К двадцати одному году Элеонор внешне напоминала кремовую английскую розу, но в душе она была жесткой и крутой, как армейский ботинок. И это к лучшему, потому что, хотя зрители все еще считали ее звездой, с точки зрения Голливуда, она уже не была в числе первых. В подростковом возрасте роли в кино попадались редко, она подолгу не снималась. Деньги, заработанные ребенком, были растрачены Джемаймой, вовремя не сообразившей, что век ребенка-актрисы короток, так что Элеонор пришлось сниматься в телевизионных мини-сериалах и простеньких фильмах. Сейчас Элеонор не хотелось вспоминать, что иногда ей даже приходилось наниматься в официантки или сопровождающие – слегка завуалированная форма проституции.

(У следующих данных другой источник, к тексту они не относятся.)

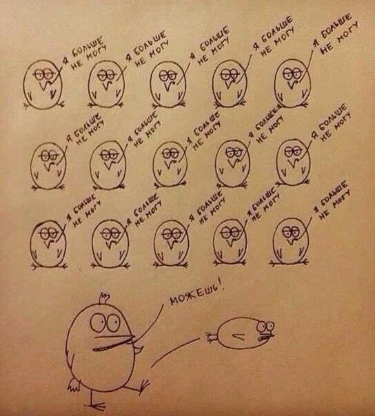 Да то, что покачав пресс, побегав по утрам, посидев на диете - неделю, в лучшем случае две, они бросают своё благое начинание, мотивируя это тем, что "я не вижу результата, всё это не работает со мной, не нужно продолжать, проще смириться с той версией себя, которая есть сейчас, чем продолжать напрягаться дальше!"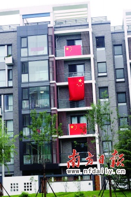 中国运动员的住楼挂满了五星红旗。

Роль Кандайс Скеффингтон изменила ее судьбу. Все вспомнили Элеонор, и если ей чего действительно хотелось, так это не быть второй скрипкой ни при ком, особенно при дотоле неизвестной нью-йоркской актрисе с искусственным театральным акцентом.
– Доброе утро милой даме. – В парикмахерской появилась солидная, внушительная фигура Альберта Эмори. Его русый с сединой парик прикрывал лысину, а толстый слой ярко-оранжевого грима – морщины на лице. Умные глаза глубоко посажены, губы иронически изогнуты. Он смахивал на могучий дуб – сильный, темный и непобедимый.
– Как чувствуешь себя сегодня, Элеонор, милочка?
– Прекрасно, Альберт, большое спасибо. Вернее, прекрасно до последней минуты. Ты это видел?
Альберт вооружился очками и медленно прочел отрывок. По мере чтения ею изрезанное морщинами лицо хмурилось все больше.
– И еще, – прошипела Элеонор, – у нее по меньшей мере на сорок строчек больше текста, чем у меня, в эпизоде на следующей неделе, и еще больше, чем у тебя! Что нам делать, Эл?
– Не зови меня Элом, – огрызнулся он.
– Прости, дорогой, я забыла. – Он погладила его руку, стараясь не повредить грим, которым были замазаны, вернее почти замазаны, старческие желтые пятна. – Альберт, дорогой, что бы нам сделать?
– Что-нибудь придумаем. Ведь мы с тобой звезды в этом шоу, дорогая Элли. Мы – Скеффингтоны. Ты – жена, я – патриарх. Она же лишь была членом семьи.
Альберт говорил о Скеффингтонах как о своей собственной семье. Сорокалетний стаж исполнения в английском театре самых разнообразных ролей, от дворецкого до короля, придал ему импозантность, которая делала его идеальным для роли старшего мистера Скеффингтона. Альберт стал звездой на закате карьеры, и он твердо намеревался удержаться на этом уровне.
– Мы останемся звездами в этом фильме, – пообещал он. – Чего бы это ни стоило, моя дорогая.
Пока Блэки-гример трудился над ее усталым лицом, Катерин учила текст.
Казалось, Джордж Блэк работал на студии всегда. Автомобильная катастрофа, лишившая его одного глаза, положила конец его многообещающей карьере каскадера еще в сороковые годы, когда студия, выплатив ему компенсацию, разрешила остаться работать помощником в гримерном отделе.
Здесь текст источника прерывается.